Once someone set up a tour and wouldn't let me leave until I paid them 3k bells. I screwed around with them for a little bit then flicked the wireless switch (lol I lost my Napoleonfish, but I didn't care, at least the dumb troll didn't get my bells!)


----------



## Monobear (Sep 23, 2013)

Gummysaur said:


> Once someone set up a tour and wouldn't let me leave until I paid them 3k bells. I screwed around with them for a little bit then flicked the wireless switch (lol I lost my Napoleonfish, but I didn't care, at least the dumb troll didn't get my bells!)





Jesus, that's an incredible way of handling it! So you pretty much...trolled the troll. And good on you, mate. Give'em a taste of their own medicine, hahaha!


----------



## Gummysaur (Sep 23, 2013)

Short little conversations they had with me:

Me: Stop trying to scam me. I'm not falling for it.
Troll: Yes you are
Me: No I'm not.
Troll: 10-year-old
Me: Nope
Troll: whoops sorry 8-year-old
Me: ....Nope, I just turned three! 

*Troll: Cutting down all the trees on the island, probably so I can't catch any bugs.*
*Me: Picks up all the coconuts the trees drop and thanks the troll for the free fruit.*

*Me: Catching a big fish*
*Troll: Attempts to scare it off*
*Me: Catches it as soon as they race by me*

It was actually scary since I forgot about the wireless switch at first. Actually, the way I did it was I walked into the hallway, where the Wi-fi is weak, and the connection snapped. xD

Edit; Why on earth would you try to troll/scam someone on a children's game? Lamest life goal I've ever seen in a while.


----------



## rosiekitty405 (Sep 23, 2013)

matt said:


> I don't mind trolls, they look a bit ugly though. I have never seen one on tortimer island though! Where are they? under the bridge? How do I find one? get one of my billygoats to walk across the bridge or something?


Lol!!! :O

I ran into ******** people who act immature but never a troll. Lol!


----------



## Dembonez19 (Sep 23, 2013)

I only go to Club Tortimer to tan, so if they cut down trees, jokes on them. I don't care.

I haven't had anyone prevent me from leaving though which is good. Not that it matters anyway since escape is just a wi-fi switch away. They're annoying, but whatever. They can't do much to bother me.


----------



## Croconaw (Sep 23, 2013)

I used to visit a lot but not so much anymore.
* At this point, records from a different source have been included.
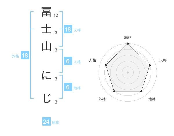 冨士山 にじさんの総格は24画の5点!
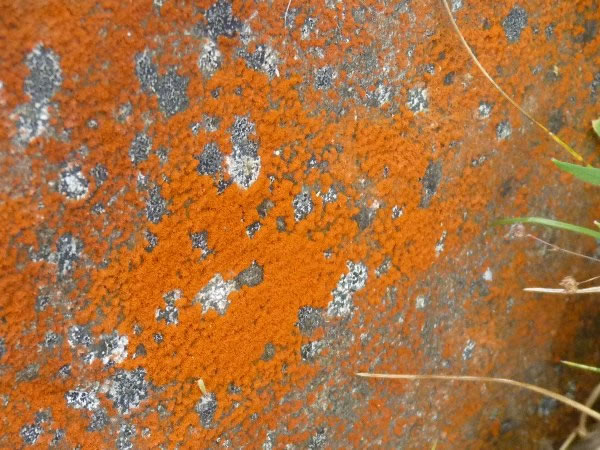 Orange lichen on a rock on the banks of a small stream that’s a tributary of the Hare River.
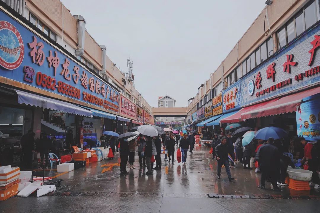 厦门夏商国际水产交易中心人声鼎沸,市民纷纷采购海鲜满载而归。
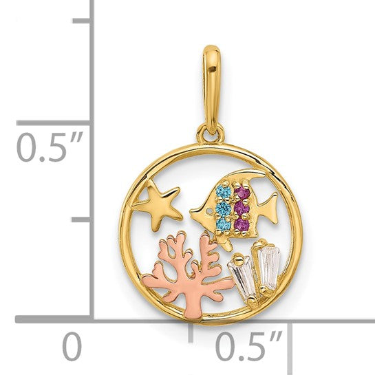 Dive into the beauty of the ocean with this stunning 14K with Rose Rhodium Polished Multicolor CZ Sea Life Pendant. Featuring a vibrant, multicolor CZ design, this pendant is a celebration of the sea's wonders.
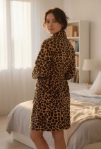 Lumor Şal Yaka Wellsoft Peluş Yumuşak Sabahlık | Leopar

I'll try visiting again soon!


----------



## rosiekitty405 (Sep 23, 2013)

Forgot to say about when I was there. 
I have ran into a lot of trolls. At least 10.
I'll just say the most interesting top 2.

Story 1
I wore the cat costume there so they wanted it.
Me:Hi *greeting emote*
Her: Hi I like your outfit.
Me : thx its really easy to get.
Her: give it!
Me: no its fairly easy.
Her: no I don't have bells.
Me: how did you get here?
Her: that doesn't mean anything!
Give me your costume.
I then remove it. Put on a dress pattern,
Removed shoes and cap,and dropped it.

Her: yay!
Me: enjoy your outfit
Her: I already have it but
I don't feel like reordering it.
That's why I had you five me yours.
Me:*flips switch

Story 2

Me:Hi
Him:Why hello
Me: How old are you?
Him:12
Me : me 2!
Him: cool.
Can I have your #?
Me: why?
Him : so you can send me "pics"
Me: hell no
Him: why?!
Me:  I'm taken and that's gross.  
Him: why I have a six pack with a 
Good package .
I hit that wifi switch in a jiffy after that and just about puked!


----------



## Byngo (Sep 24, 2013)

rosiekitty405 said:


> Him: why I have a six pack with a
> Good package .



Lol, he's 12 and he has a six pack? _Right._

Who knows, he could have easily lied about his age. lol I had a similar occurance, I gave a random number I thought of and then left.


----------



## Music_123 (Sep 24, 2013)

some people lie too much on this game,especially about age


----------



## Mailis (Sep 24, 2013)

Oh, someone wanted me to send him my "pics" too. And when he asked my age, I lied. I said that I'm a 99 years old grandma. Then I started to tell him about my grandchildren and the old good times I had in 1925. He found me extremely boring and left.


----------



## Gummysaur (Sep 24, 2013)

Mailis said:


> Oh, someone wanted me to send him my "pics" too. And when he asked my age, I lied. I said that I'm a 99 years old grandma. Then I started to tell him about my grandchildren and the old good times I had in 1925. He found me extremely boring and left.



lol xD

I go to Club Tortimer only if I'm bored or I want a special item xD


----------



## Rainbell (Sep 24, 2013)

Lol i've been to the island only 5 times, some of the people there just creep me out.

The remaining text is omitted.